··· DATA LISTING ···
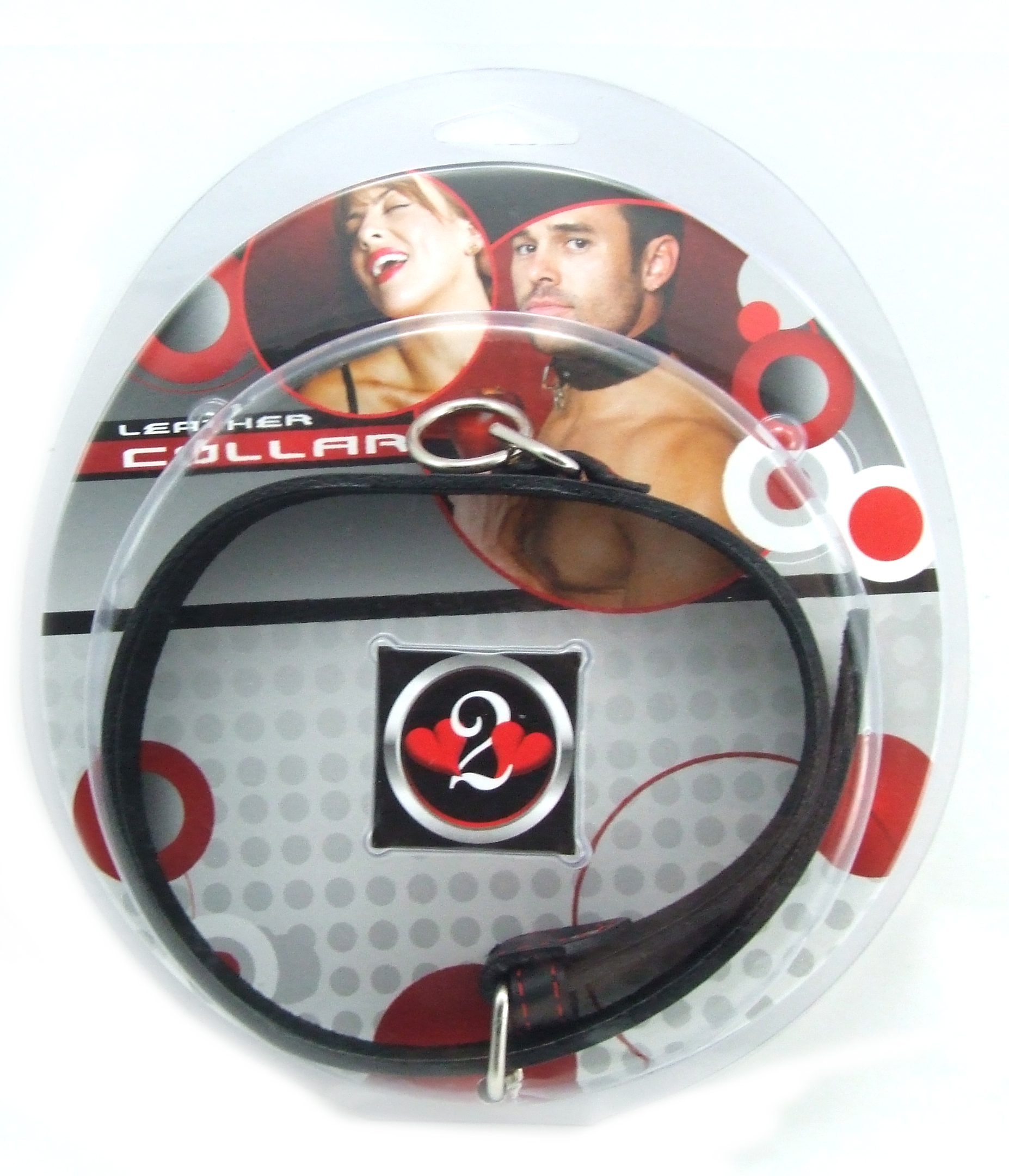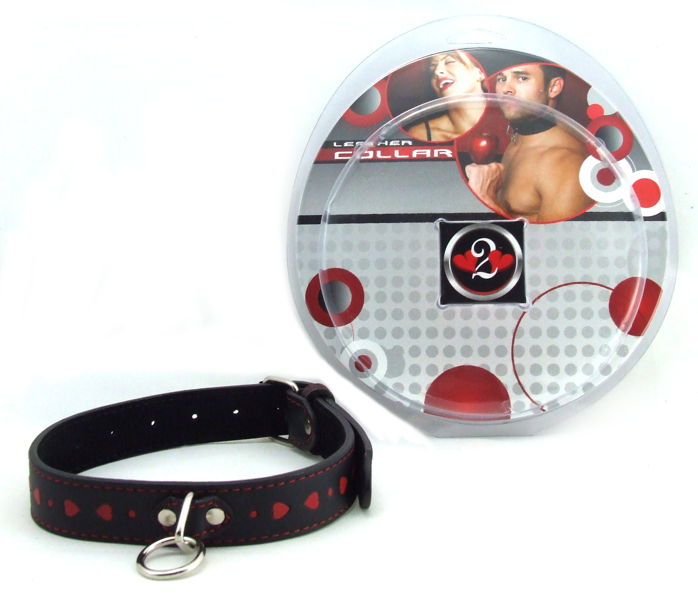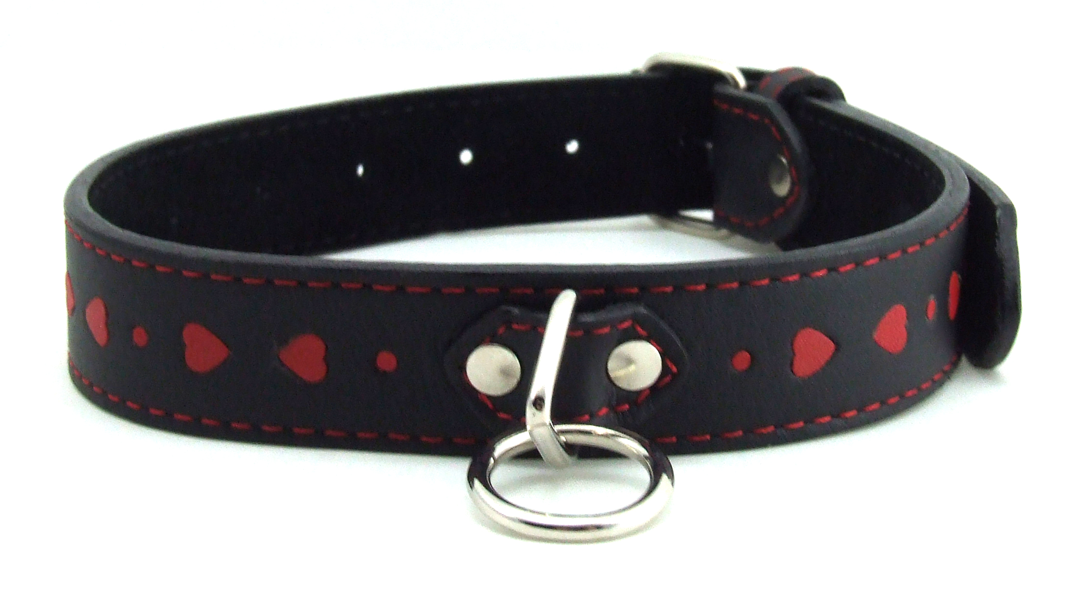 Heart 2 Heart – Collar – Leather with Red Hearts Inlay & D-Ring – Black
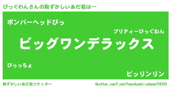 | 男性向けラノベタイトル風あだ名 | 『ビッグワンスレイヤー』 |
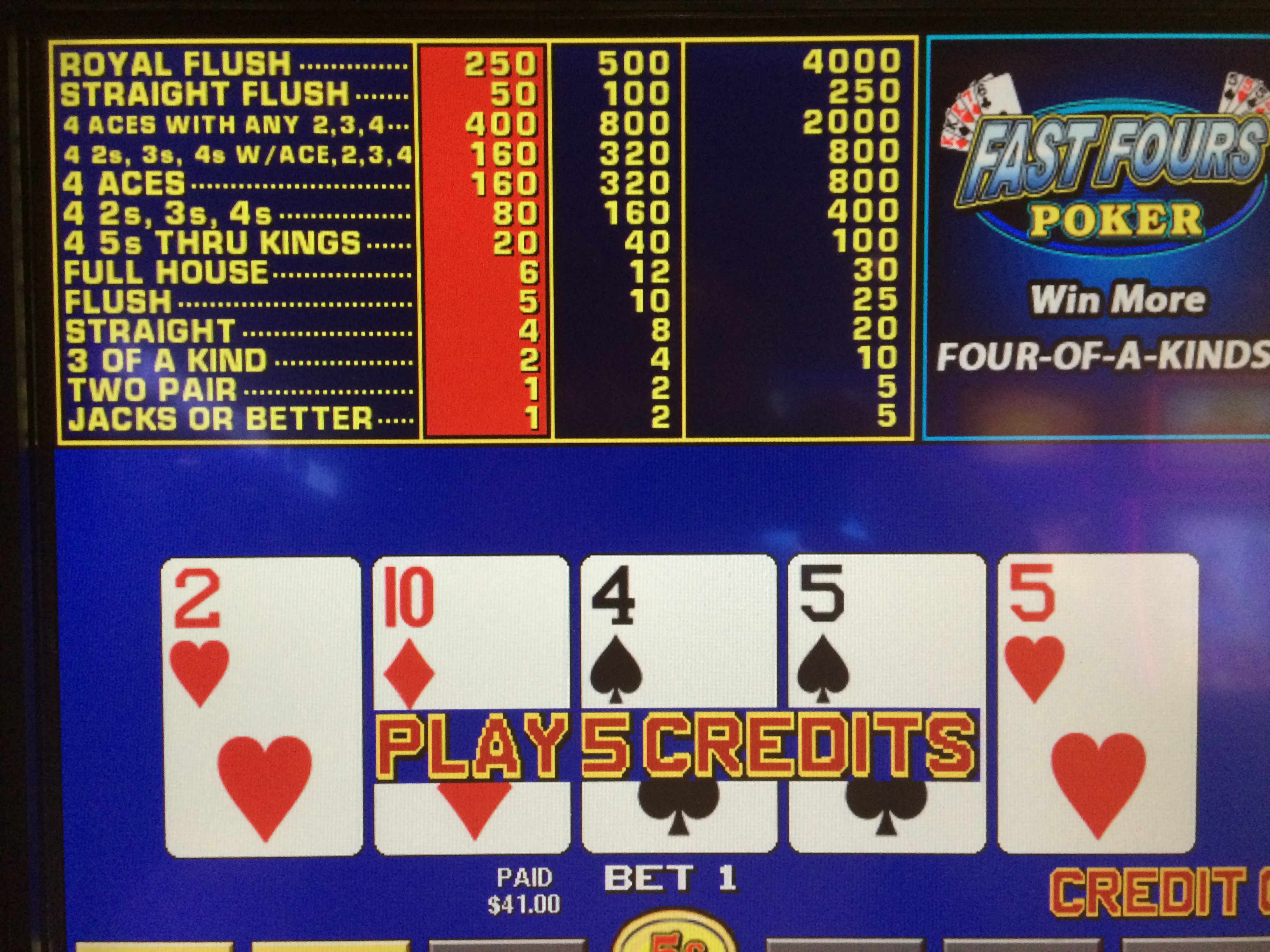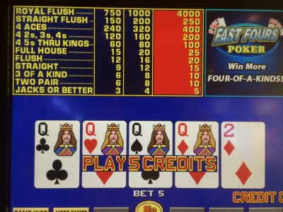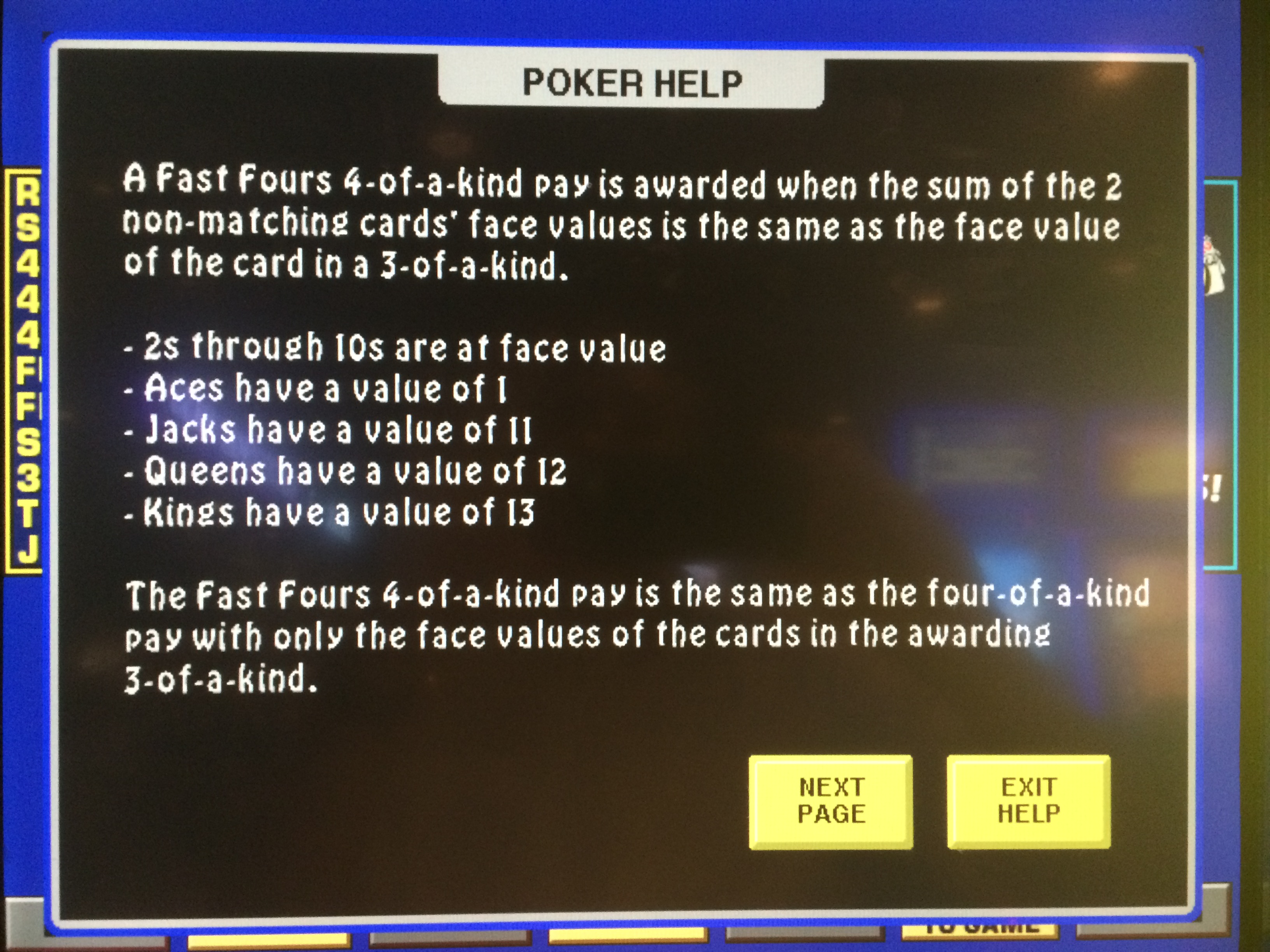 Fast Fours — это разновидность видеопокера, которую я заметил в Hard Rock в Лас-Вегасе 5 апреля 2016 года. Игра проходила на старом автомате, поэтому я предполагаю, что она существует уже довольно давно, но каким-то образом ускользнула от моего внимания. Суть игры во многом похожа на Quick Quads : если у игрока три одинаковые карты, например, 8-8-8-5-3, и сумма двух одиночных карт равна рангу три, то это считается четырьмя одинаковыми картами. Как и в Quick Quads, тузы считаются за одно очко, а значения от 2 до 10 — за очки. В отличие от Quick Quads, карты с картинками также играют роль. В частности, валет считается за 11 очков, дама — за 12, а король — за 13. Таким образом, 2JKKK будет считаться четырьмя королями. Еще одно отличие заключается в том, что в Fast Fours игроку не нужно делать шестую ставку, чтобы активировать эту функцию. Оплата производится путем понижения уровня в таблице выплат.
···
··· DATA LISTING ···
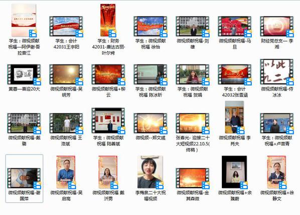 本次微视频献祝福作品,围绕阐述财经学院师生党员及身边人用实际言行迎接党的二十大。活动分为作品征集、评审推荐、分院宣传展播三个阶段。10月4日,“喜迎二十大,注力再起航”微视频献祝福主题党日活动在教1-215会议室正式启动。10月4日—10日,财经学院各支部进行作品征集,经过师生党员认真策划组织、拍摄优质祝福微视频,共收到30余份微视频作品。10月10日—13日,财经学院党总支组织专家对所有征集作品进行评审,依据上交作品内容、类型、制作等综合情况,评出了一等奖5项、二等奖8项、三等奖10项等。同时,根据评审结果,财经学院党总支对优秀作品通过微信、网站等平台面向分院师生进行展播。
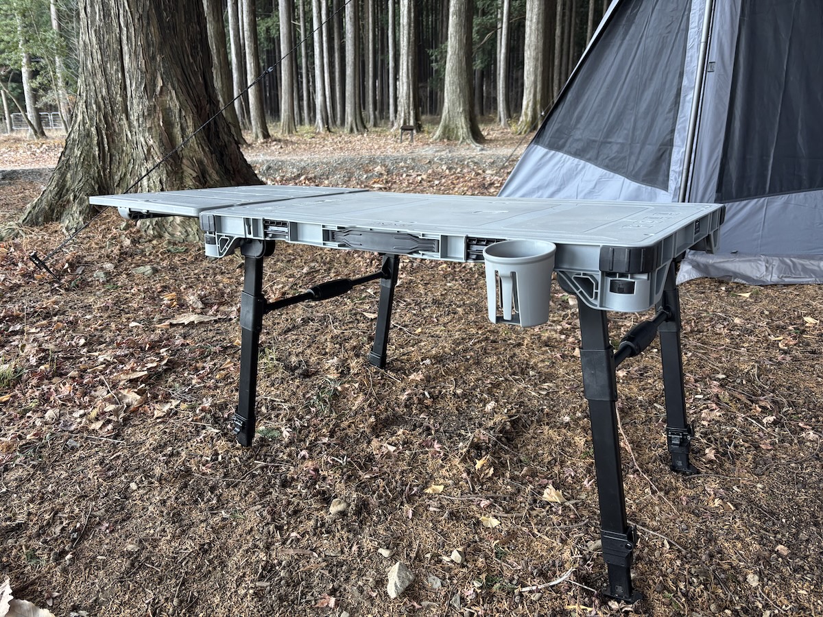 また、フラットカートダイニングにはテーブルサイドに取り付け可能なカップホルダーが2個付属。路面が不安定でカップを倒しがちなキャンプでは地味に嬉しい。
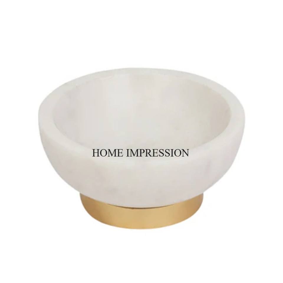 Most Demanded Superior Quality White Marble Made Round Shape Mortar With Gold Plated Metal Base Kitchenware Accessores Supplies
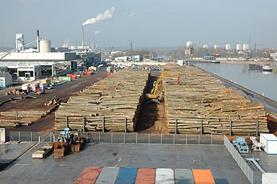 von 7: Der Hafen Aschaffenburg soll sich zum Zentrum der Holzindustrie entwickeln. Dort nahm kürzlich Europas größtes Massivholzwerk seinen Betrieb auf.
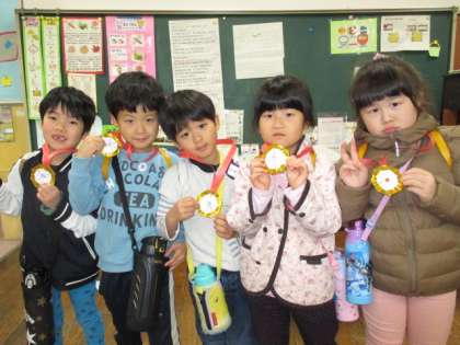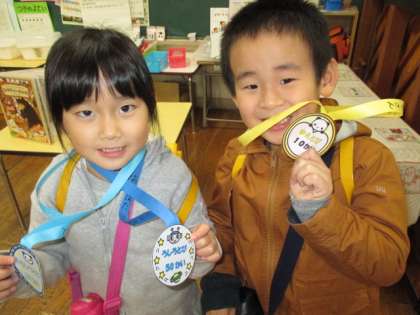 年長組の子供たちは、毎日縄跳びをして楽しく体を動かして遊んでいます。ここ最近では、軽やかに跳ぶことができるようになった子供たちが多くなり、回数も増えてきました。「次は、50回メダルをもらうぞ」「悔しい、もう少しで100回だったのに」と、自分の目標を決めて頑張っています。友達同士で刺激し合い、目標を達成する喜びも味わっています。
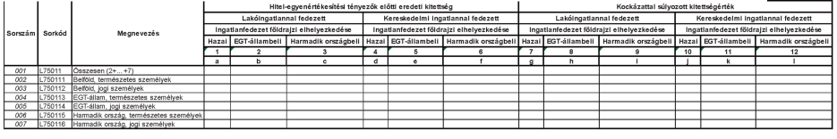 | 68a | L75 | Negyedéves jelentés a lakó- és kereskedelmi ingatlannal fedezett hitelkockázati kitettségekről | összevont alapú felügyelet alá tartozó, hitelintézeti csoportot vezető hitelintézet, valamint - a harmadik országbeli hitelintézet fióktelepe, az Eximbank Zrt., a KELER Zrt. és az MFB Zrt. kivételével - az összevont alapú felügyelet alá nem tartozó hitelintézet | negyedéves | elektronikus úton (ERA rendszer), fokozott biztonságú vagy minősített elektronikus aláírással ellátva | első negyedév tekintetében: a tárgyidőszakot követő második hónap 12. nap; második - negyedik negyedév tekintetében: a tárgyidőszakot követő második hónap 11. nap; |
···
--- REQUIRED ACTION ---
Copy only the lines above from the one containing "年長組の子供たちは、毎日縄跳" through the one containing "hónap 11. nap; |", both included. Leave out the pictures.

--- RESULT FOR THIS EXERCISE ---
 年長組の子供たちは、毎日縄跳びをして楽しく体を動かして遊んでいます。ここ最近では、軽やかに跳ぶことができるようになった子供たちが多くなり、回数も増えてきました。「次は、50回メダルをもらうぞ」「悔しい、もう少しで100回だったのに」と、自分の目標を決めて頑張っています。友達同士で刺激し合い、目標を達成する喜びも味わっています。
 | 68a | L75 | Negyedéves jelentés a lakó- és kereskedelmi ingatlannal fedezett hitelkockázati kitettségekről | összevont alapú felügyelet alá tartozó, hitelintézeti csoportot vezető hitelintézet, valamint - a harmadik országbeli hitelintézet fióktelepe, az Eximbank Zrt., a KELER Zrt. és az MFB Zrt. kivételével - az összevont alapú felügyelet alá nem tartozó hitelintézet | negyedéves | elektronikus úton (ERA rendszer), fokozott biztonságú vagy minősített elektronikus aláírással ellátva | első negyedév tekintetében: a tárgyidőszakot követő második hónap 12. nap; második - negyedik negyedév tekintetében: a tárgyidőszakot követő második hónap 11. nap; |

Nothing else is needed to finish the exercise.